The argument in the Majority Opinion, that the Legislature was aware that the general powers of eminent domain were not sufficiently broad to permit condemnation of property of a pre-existing public utility already devoted to the same public use, is based upon the erroneous assumption that 18 O.S. 1971 § 437.2[ 18-437.2] and 11 O.S. 1971 § 1613[11-1613] support that conclusion.

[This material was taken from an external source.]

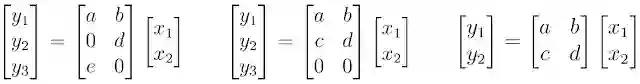 例如,考虑一下 MorphNet 如何计算神经网络的计算成本(如 FLOPs)。为简单起见,我们来思考一下被表示为矩阵乘法的神经网络层。在这种情况下,神经网络层拥有 2 个输入(x_n)、6 个权重 (a,b,...,f) 和 3 个输出(y_n)。使用标准教科书中行和列相乘的方法,你会发现评估该神经网络层需要 6 次乘法。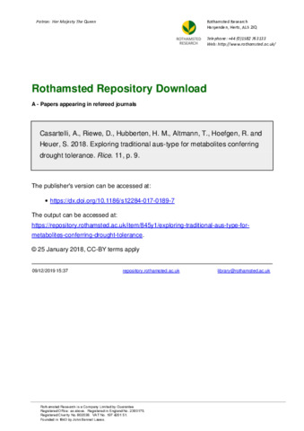 Exploring traditional aus-type for metabolites conferring drought tolerance.

The fact that the Legislature enacted 18 O.S. 1971 § 437.2[ 18-437.2], which provided for Rural Electrification Cooperatives [REC] to continue operation in an area which was later included within the boundaries of a city, town or village without obtaining the consent, franchise, license permit or other authority of the city, town or village, and further provided that if the city, town or village operated its own electric system, then on the city's request the cooperative would transfer their facilities to the city, does not mean that the Legislature intended anything other than to provide a special summary procedure whereby the transfer could be expeditiously made. 11 O.S. 1971 § 1613[11-1613] provides for condemnation of property already devoted to a public use by an Urban Renewal Authority and not by a city, and is, therefore, not applicable to this case.
I would, therefore, hold that 11 O.S. 1971 § 670[11-670] authorizes Appellant, City of Pryor Creek, to take the property in question by eminent domain.